Even If Enacted, The CHOICE Act May Not Repeal The SEC’s Pay Ratio Rule

While prognosticators continue to place odds on whether the Financial CHOICE Act of 2017, H.R. 10, will be enacted, many commentators are claiming that it will “repeal” the Securities and Exchange Commission’s pay ratio rule.  Even if H.R. 10 is enacted, I’m not so sure that it would “repeal” the pay ratio rule.
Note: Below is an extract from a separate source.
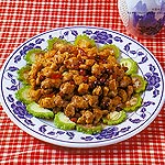 Ingredients: 300 grams (0.66 lb) pork tenderloin 200 grams (0.44 lb) peanuts 5 grams (1 tsp)soy sauce 25 grams (1 1/2 tbsp) sweet bean paste 5 grams (1/6 oz)red chili, presoaked in water 100 grams (7 tbsp) cooking oil 1 egg white 10 grams(2 tsp)mixture of cornstarch and water 10 grams (1 1/2 tbsp) dry cornstarch 10 grmas (2 tsp) cooking wine 2 grams (1/3 tsp) salt 2 grams (1/2 tsp)MSG 5 grams (1/6 oz)finely cut scallions 5 grams (1/6 oz)chopped ginger 25 grams (1 1/2 tbsp) coy bean paste 5 grams (1 tsp) sugar 2 grams (2/5 tsp) sesame oil

It is certainly true that Section 857(a)(24) of H.R. 10 specifically repeals Section 953(b) of the Dodd Frank Wall Street Reform and Consumer Protection Act, H.R. 4173.  Section 953(b) in turn directs the SEC to amend Item 402 of Regulation S-K to require pay ratio disclosure.  So why wouldn’t H.R. 10 repeal the pay ratio disclosure rule?  My concern is that while H.R. 10 eliminates the requirement that the SEC adopt the pay ratio rule, it does not expressly repeal the rule or the authority of the SEC to adopt the rule.  Although the SEC adopted the pay ratio rule to implement Congress’ mandate, it did not rest its authority solely on Section 953(b).  It also relied upon  Sections 7, 10 19(a), and 28 of the Securities Act, Sections 3(b), 12, 13, 14, 15(d) 23(a), and 36(a) of the Exchange Act.  The SEC could, of course, decide to repeal the pay ratio rule.  A repeal may not be immediate because the Administrative Procedure Act would require the SEC to provide notice and an opportunity for comment on the repeal.  5 U.S.C. § 553 (The APA defines “rulemaking” as the “process for formulating, amending, or repealing a rule”.)  It is possible, however, that the SEC would invoke the APA’s “good cause” exception.  However, this would require the SEC to find that notice and public procedure thereon are impracticable, unnecessary, or contrary to the public interest. 5 U.S.C § 553(b)(3)(B).  Given the APA’s failure to define “good cause”, proponents of the pay ratio rule may challenge the SEC’s decision in the federal courts.